#### [What to produce]
In your output, repeat each entry exactly and include no pictures.

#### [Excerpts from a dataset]
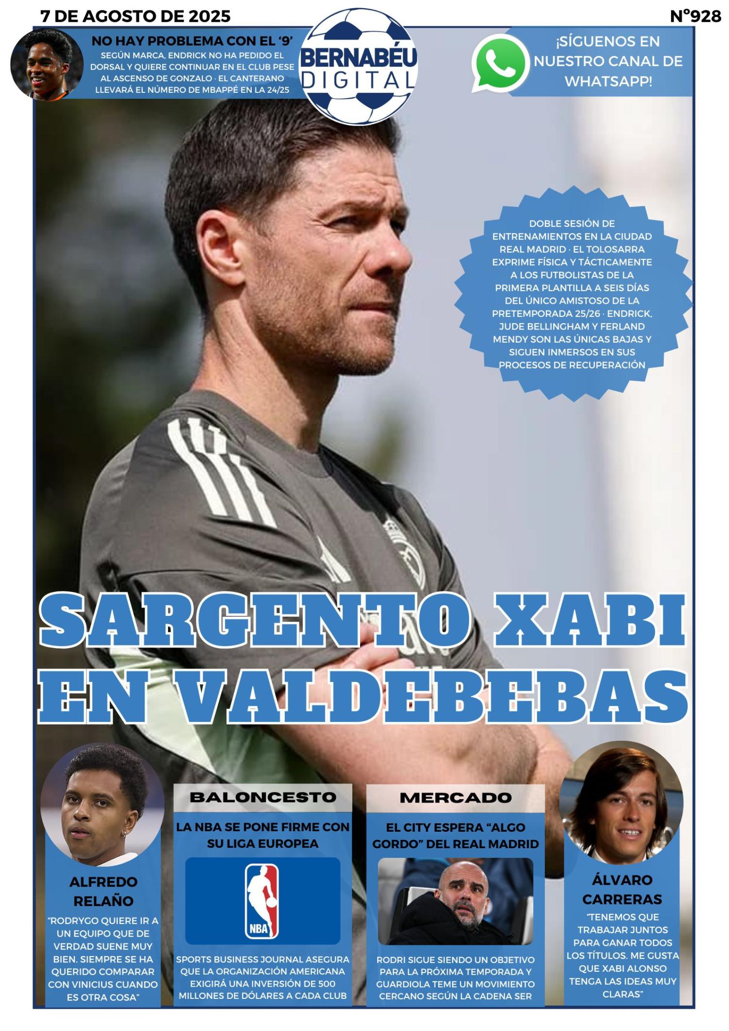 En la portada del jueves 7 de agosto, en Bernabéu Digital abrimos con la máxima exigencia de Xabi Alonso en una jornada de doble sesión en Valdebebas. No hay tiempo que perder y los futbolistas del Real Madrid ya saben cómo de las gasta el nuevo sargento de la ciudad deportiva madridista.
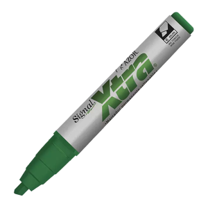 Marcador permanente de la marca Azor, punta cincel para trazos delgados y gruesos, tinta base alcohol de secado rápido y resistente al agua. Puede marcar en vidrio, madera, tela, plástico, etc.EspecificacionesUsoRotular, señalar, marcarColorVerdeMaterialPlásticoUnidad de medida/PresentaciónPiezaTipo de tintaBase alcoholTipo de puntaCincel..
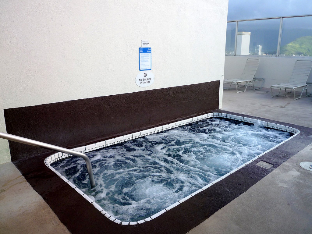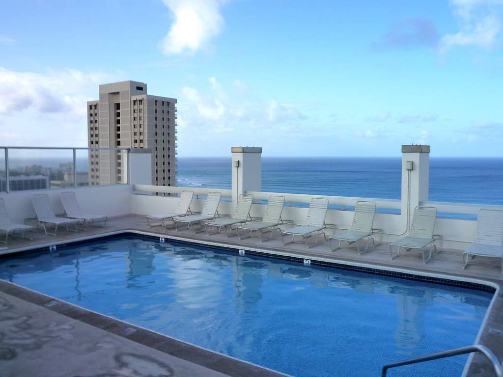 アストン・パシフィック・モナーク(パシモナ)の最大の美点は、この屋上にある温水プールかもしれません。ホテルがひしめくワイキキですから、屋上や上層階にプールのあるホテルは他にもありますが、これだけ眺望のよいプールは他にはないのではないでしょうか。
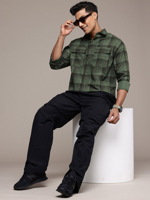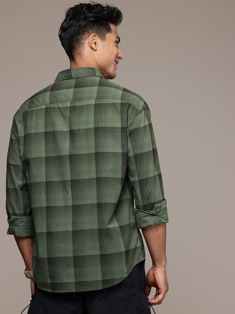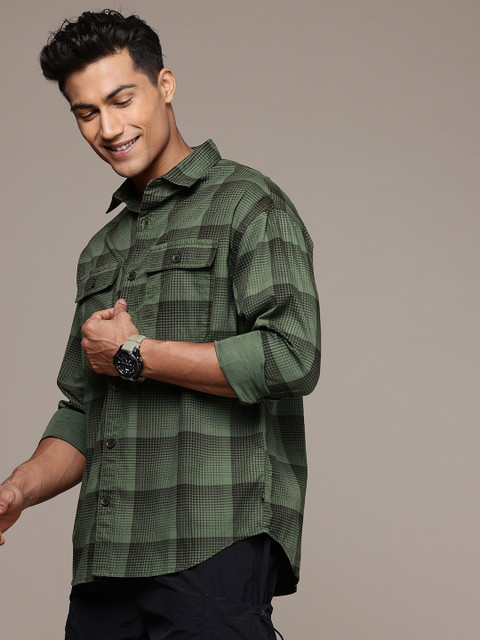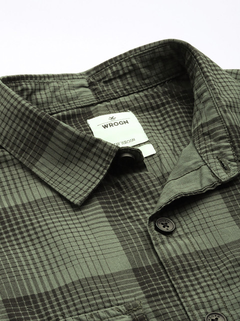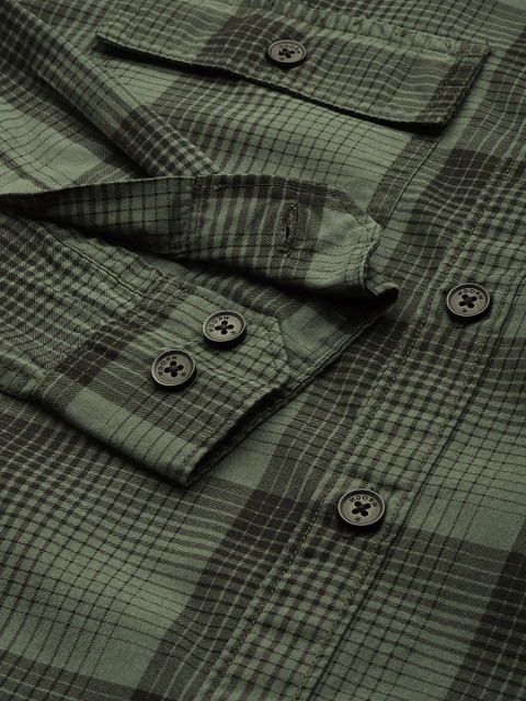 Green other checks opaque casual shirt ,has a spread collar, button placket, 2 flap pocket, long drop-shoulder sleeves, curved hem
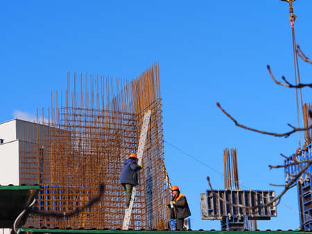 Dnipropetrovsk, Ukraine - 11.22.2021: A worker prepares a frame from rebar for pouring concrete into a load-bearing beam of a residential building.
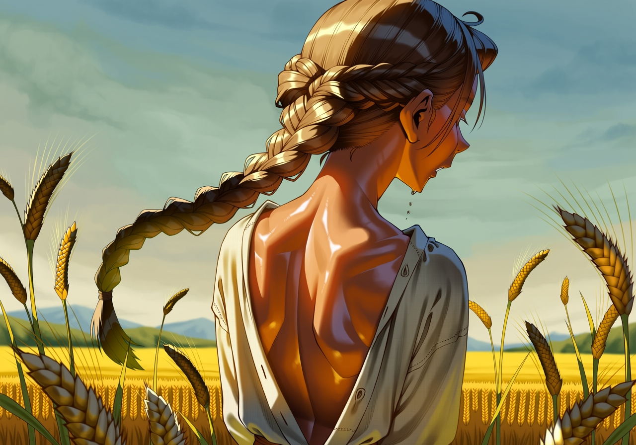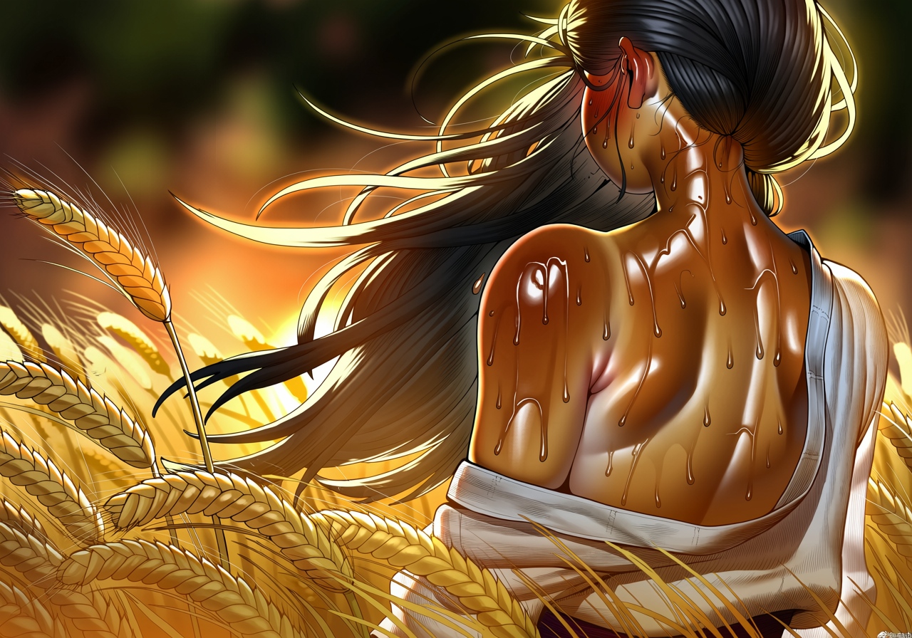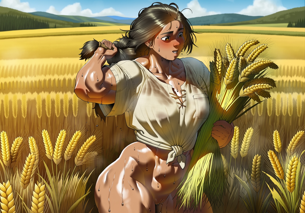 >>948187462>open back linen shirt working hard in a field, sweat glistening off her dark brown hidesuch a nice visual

#### [Reply to the exercise]
 En la portada del jueves 7 de agosto, en Bernabéu Digital abrimos con la máxima exigencia de Xabi Alonso en una jornada de doble sesión en Valdebebas. No hay tiempo que perder y los futbolistas del Real Madrid ya saben cómo de las gasta el nuevo sargento de la ciudad deportiva madridista.
 Marcador permanente de la marca Azor, punta cincel para trazos delgados y gruesos, tinta base alcohol de secado rápido y resistente al agua. Puede marcar en vidrio, madera, tela, plástico, etc.EspecificacionesUsoRotular, señalar, marcarColorVerdeMaterialPlásticoUnidad de medida/PresentaciónPiezaTipo de tintaBase alcoholTipo de puntaCincel..
 アストン・パシフィック・モナーク(パシモナ)の最大の美点は、この屋上にある温水プールかもしれません。ホテルがひしめくワイキキですから、屋上や上層階にプールのあるホテルは他にもありますが、これだけ眺望のよいプールは他にはないのではないでしょうか。
 Green other checks opaque casual shirt ,has a spread collar, button placket, 2 flap pocket, long drop-shoulder sleeves, curved hem
 Dnipropetrovsk, Ukraine - 11.22.2021: A worker prepares a frame from rebar for pouring concrete into a load-bearing beam of a residential building.
 >>948187462>open back linen shirt working hard in a field, sweat glistening off her dark brown hidesuch a nice visual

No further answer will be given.